Manber seemed struck on how far private space endeavors have come.
"One of my favorite expressions in the early 90s was 'remember, no one has gotten rich from commercial space,'" he told Space.com.
Scaling to cosmic heights
What makes Manber most optimistic is that there is a straight line from the 2008 NASA cargo contract to the International Space Station and the SpaceX Starlink internet satellite constellation.
"But at the time doubters kept saying there is no demand for low Earth orbit transportation and that SpaceX would remain dependent on NASA funding forever." Manber said. What Elon Musk did, he added, was show that, with the government as a customer, the commercial markets are scalable to incredible heights.
"So, too, we'll see this again with the commercial [low Earth orbit] destinations space station marketplace," Manber added. "The killer market demand will emerge once we have commercially run orbiting platforms."
Prediction and a revisit of history
According to Manber, space is now its own asset class.
There are specialized investment vehicles just for commercial space services. Investors can support companies focused on everything from launch services to Earth observation to lunar services, and even to new spaceports, he said.
And the mind-boggling amount of wealth created by the SpaceX IPO — about 4,400 current and former SpaceX employees are expected to become millionaires, according to the New York Times — has led Manber to make a pretty safe prediction.
"One of the unanticipated impacts of the SpaceX IPO will be the literally dozens and dozens of newly minted commercial space entrepreneurs who will self-fund their own companies," he said. "A true explosion in commercial space services is about to be realized, thanks to the transfer of wealth to hundreds of SpaceX employees."
The moment reminded Manber of another key IPO in history.
"I'm reminded that the world's first IPO was for the Dutch East India Company in 1602 to pay for their spice trading voyagers which were both years in the making and technically difficult to achieve," Manber said. "This time investors are supporting what could be the first voyagers to the planet Mars. Never underestimate the power of the commercial marketplace and its role in commercial exploration."
While SpaceX has evolved into more than just a space company over the last 24 years, Musk maintains that his long-term goal of making humanity a mutiplanetary species remains the same.
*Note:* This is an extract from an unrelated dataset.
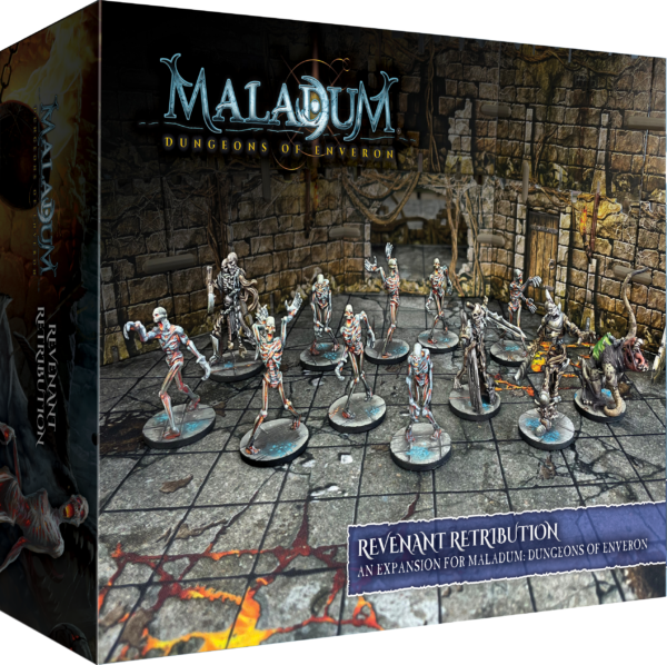 If you do not have enough miniatures when an adversary would enter play, the game “spawns down” when an adversary is not available (Hellfonts become Myria, Myria become Lamentors). Increasing the number of available miniatures slows down how often this happens and increases the number of enemy miniatures on the map creating more challenging fights for your party. Adding a copy of Revenant Retribution to your collection doubles the number of available Lamentors, Myria and Hellfonts in your games. It also comes with additional veteran cards to spice up your event deck,

"That's what SpaceX is all about, is to take the fiction out of science fiction and create an exciting, inspiring future for everyone," Musk said as trading began today. "We want to be able to take anyone who wants to go to the moon, anyone who wants to go to Mars, or anywhere in the solar system, and maybe beyond the solar system."
Editor's note: This story was updated at 4:30 pm ET to include details of SpaceX's IPO success at the close of trading.